The movie is fairly engaging but suffers from torturous repetition of ideas and images
Ajit Duara Ajit Duara | 30 Jun, 2017
Director Michael Bay’s singular achievement in the ‘Transformers’ series is his ability to visualize technology as organic; to perceive metallic objects as having the energy to change themselves into different shapes and sizes, just as living creatures on earth have done for millions of years.
Metal is not inanimate, the axiom goes. It has the power to magically transform itself. And to prove it, Cade Yeager (Mark Wahlberg), the rough hewn inventor hero of the film, introduces himself as a ‘magician’ to a very pretty Professor at Oxford. To explain this odd definition of his profession, he comes up with a quote from Arthur C. Clarke, which says that “any sufficiently advanced technology is indistinguishable from magic”. The lovely lady with the most demonstrably dramatic cleavage in all of British academia, to whom he does this explaining, is Viviane Wembley (Laura Haddock), and she is sufficiently impressed with the quote. She stops referring to him condescendingly as ‘American man’, because her own ancestor was a magician too: Merlin, the magician to King Arthur.
The film begins in England, and we learn that the mythical King Arthur and the Knights of his Round Table have a lot to do with the arrival of the Transformers on Earth.

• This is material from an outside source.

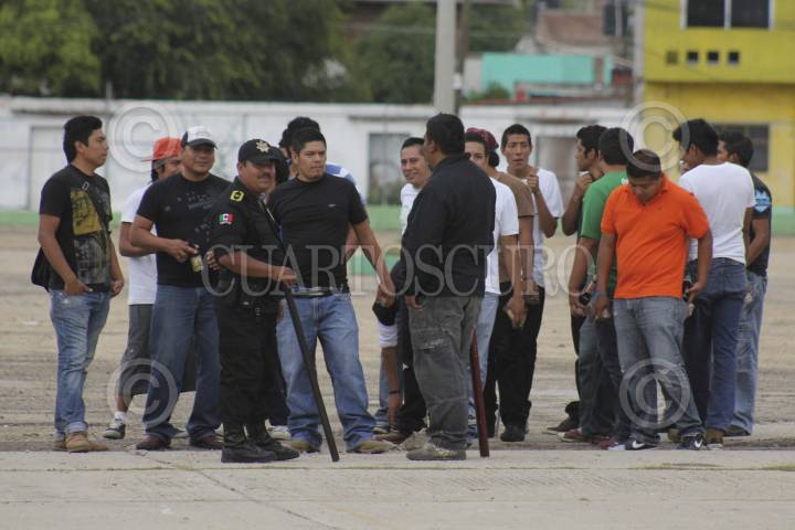 OAXACA, OAXACA, 23AGOSTO2011.- Un grupo de porros presuntamente contratados por el síndico municipal del ayuntamiento de Santa Lucía del Camino resguardaron las inmediaciones del estadio Benito Juárez, con lo que trataban de impedir la instalación de un grupo de comerciantes. Los porros fueron resguardados en todo momento por la policía municipal. Al arribo de la policía estatal se retiraron, entre las cosas que olvidaron se encontraron basucas caseras, estopa y un machete. FOTO: ARTURO PÉREZ ALFONSO/CUARTOSCURO.COM

It seems that during his bloody battles with the invading Saxons, King Arthur, via the good offices of Merlin, took the help of aliens who had just landed in his territory. These aliens were none other than Transformers, who had set up shop in the British Isles in the late 5th century, and were made honoury Knights for their services to the King. A contemporary historian of the Transformers and their time on Earth, Sir Edmund Burton (Anthony Hopkins), confirms that Viviane is the only living descendent of Merlin, and her duty is to find the legendary magicians walking staff and fix the present problems on Earth.
The biggest problem on present day Earth, she finds, is the inability to find honorable and just leadership to face dangerous invaders of the planet. Enter Optimus Prime, back from Cybertron. The honorary Knights of the Round Table are now resurrected and in action, after a gap of some 1600 years.
To be honest, this is the corniest plot line in the ’Transformers’ series, and we can now visualize future editions of the franchise being connected to the building of the pyramids in Egypt, the Great Wall in China, and much else, just to extend the series. But plot aside, the visuals of the film are just as captivating as they were earlier. Even though you know that it is nothing but Computer Generated Imagery, the transformation of metal into myriad forms of modern technology still transfixes you, as do the unique personalities that the metallic creatures possess. The humor, too, never fails to amuse. One Transformer has a French accent, and when asked if he is a Francophile, is furious and says that his maker just gave him this ridiculous voice box that makes him sound cultured and effete. Another very macho type of Transformer is incensed because he has a fearsome look, which is all undone by his voice, that of a recorded message by a female announcer.
So till the halfway point, ’Transformers: The Last Knight’ is fairly engaging. But since it is a two and a half hour movie, the unnecessarily extended duration sees a torturous repetition of images and ideas. By the time the final battle arrives, the film is pounding in your head and you want out.